Viewers and Non-Viewers. All respondents were asked if they had watched season 1 of 13RW. This question divided the sample into “viewers” (n = 471) or “non-viewers” (n = 629).

Complete Season Viewed. Each participant who indicated that they watched the show was asked how many episodes they watched. The data was skewed toward those who reported watching all of the episodes (n = 296, 63%). Another 30 participants (6%) watched 9–12 episodes, 46 participants (10%) watched five to eight episodes, 63 participants (13%) watched two to four episodes, 30 participants (6%) watched only 1 episode, and six participants (1%) watched part of one episode. Given that 63% of viewers reporting that they had watched all of the episodes, we created a dichotomous variable for viewers who viewed all (1) or less than all (0) of the episodes of season 1.

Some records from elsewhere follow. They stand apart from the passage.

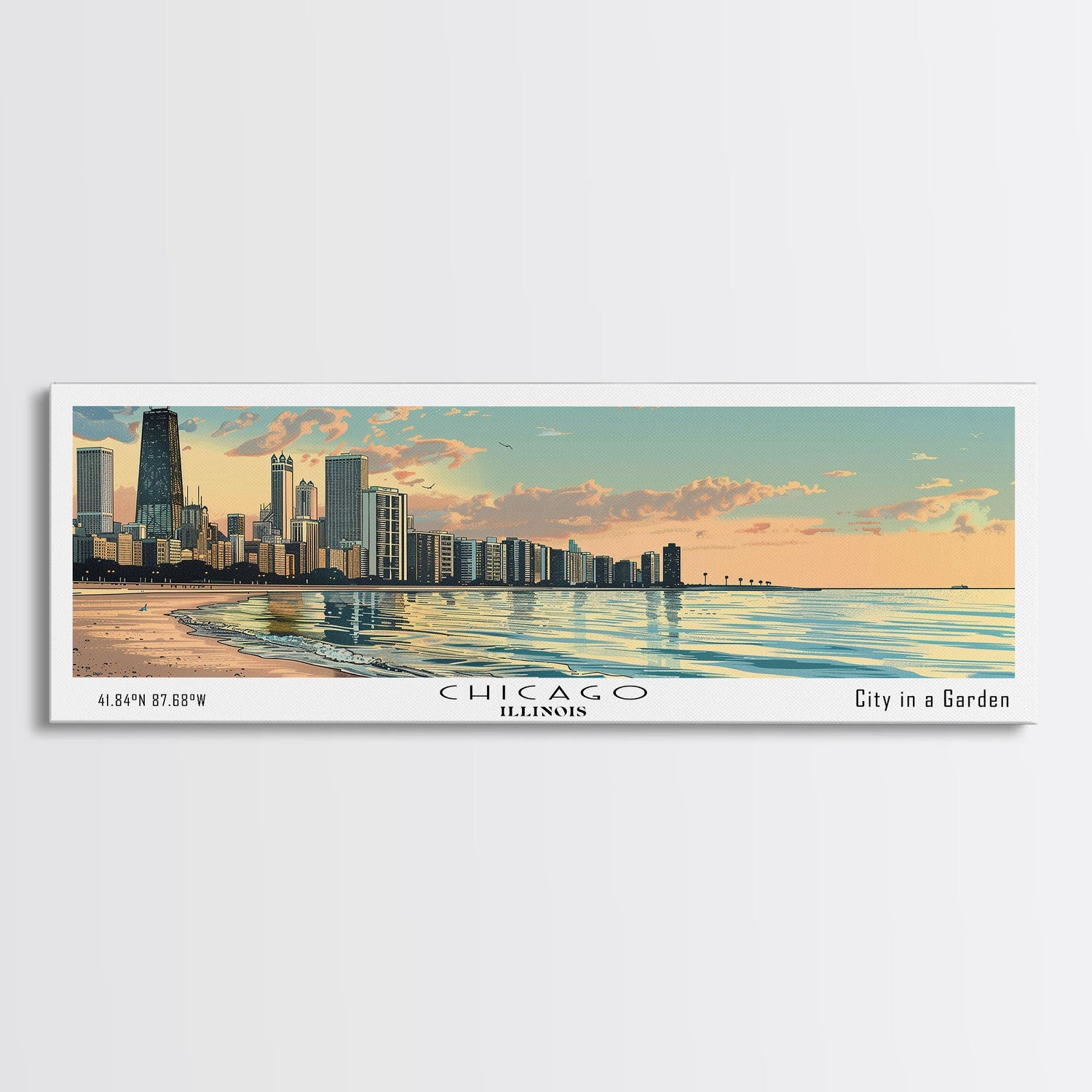 Chicago Florida Panoramic Painting, Mid Century Modern Framed Canvas Print, Retro Pop Art Travel Poster, Living Room Wall Art, City Art - 10x30 Inches / No Frame - Stretched Canvas Only está agotado y se enviará tan pronto como vuelva a estar disponible.
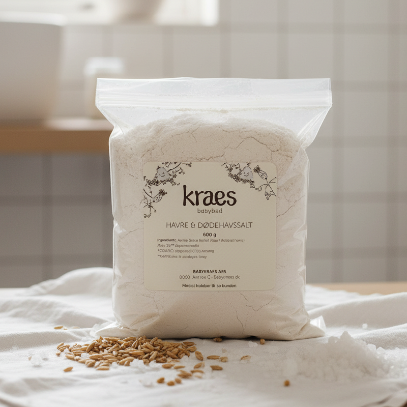 KRAES havre & dødehavssalt er et 100% naturligt, sæbefrit og dermatologisk testet babybad. Via vores ingredienser, havre og dødehavssalt, kombinerer vi det rensende og lindrende med beroligende egenskaber.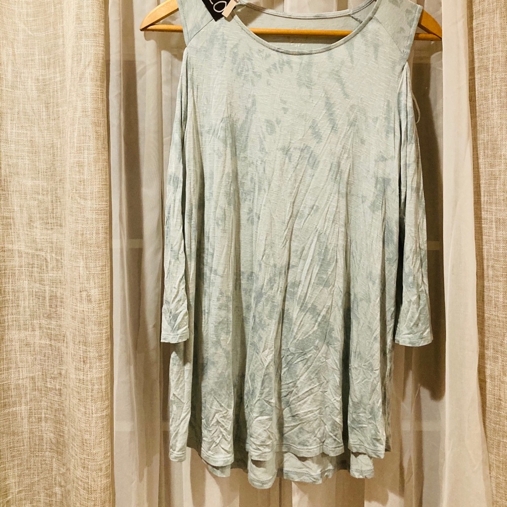 3/4 sleeve of the shoulder, open shoulder, light blue green top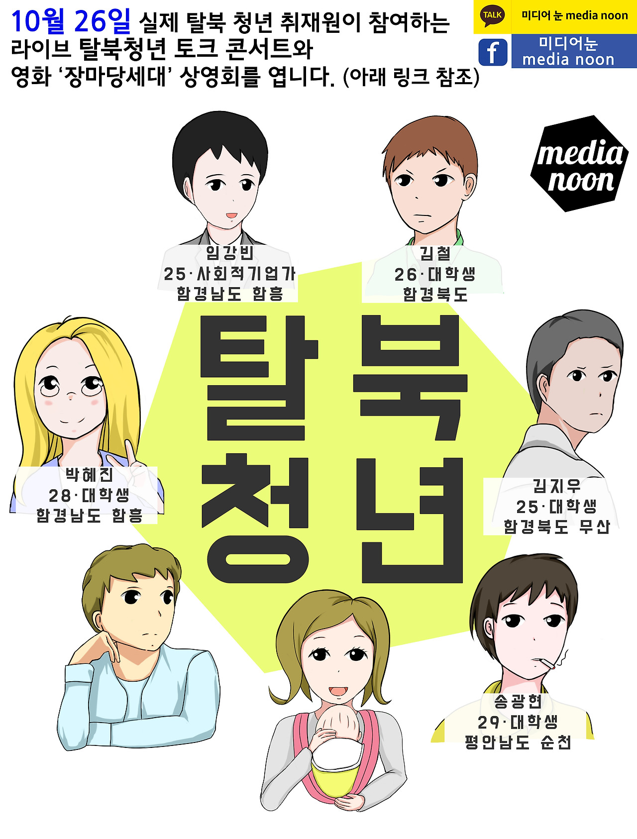 탈북청년 기획은 2030 탈북민 7인의 한국에서의 삶에 대한 이야기를 담았다. 국내 입국한 3만 명의 탈북자 중 대다수가 청년이다. 하지만 학교, 직장, 결혼. 어디를 가나 따라다니는 “탈북”이라는 꼬리표는 새로운 삶을 시작하는 청년들에게 큰 무게이다. 북한이라는 뿌리 없이 이들의 삶을 말할 수 없지만 이제는 탈북자라는 말보다는 보통의 청년들처럼 한국인 청년이라고 불리고 싶은 7인의 청년들을 만났다. 이들의 이야기로 우리의 새로운 이웃인 탈북 청년들의 고민을 함께 느끼며, 그들의 문제가 나의 문제, 더 나아가 우리 사회가 함께 고민하고 풀어야 하는 문제로 인식의 전환을 돕고자 한다.

Viewing Decisions and Reasons. We examined viewing decisions with a series of separate questions for non-viewers and viewers. Non-viewers were asked why they decided not to watch the show and could select all the reasons that applied from a 17-item list. Examples of items were “I wasn’t interested in the story or subject matter,” “I didn’t feel the topics covered were relevant to my life,” and “I heard that the content was graphic.” Similarly, viewers were asked why they chose to watch the show and could select all the reasons that applied from an 18-item list. Examples of items for viewers were “The show was relevant to my life,” and “it covered important subject matter that people my age should know more about.” For a complete listing of response options, please see Lauricella et al. (2018).

Social Anxiety. We measured social anxiety using a 10-item measure from La Greca et al. (1988; Social Anxiety Scale for Children). Participants answered each item using a 5-point Likert scale anchored by (1) strongly disagree and (5) strongly agree. Example questions include “I worry about doing something new in front of other kids,” “I am afraid that other kids will not like me,” “I am quiet when I’m with a group of kids.” A principal components analysis indicated that all items factored together. Thus, we summed and averaged the items to create an average social anxiety score, with higher scores indicating higher levels of social anxiety (M = 3.05, SD = 1.03). This measure was reliable (α = 0.94).

Resilience. Resilience was measured using an 18-item measure from the Institute of Education Science’s measure of resilience (Internal Resilience Assets; Hanson and Kim, 2007). As above, response options for each item were presented on a 5-point Likert-type scale anchored by (1) strongly disagree and (5) strongly agree. Example items that were presented to respondents were “When I need help, I can find someone to talk to” and “I understand my moods and feelings.” A principal components analysis indicated that all items factored together. Thus, we summed and averaged the items to create an average resilience score, with higher scores indicating higher levels of resilience (M = 3.90, SD = 0.68). This measure was reliable (α = 0.94).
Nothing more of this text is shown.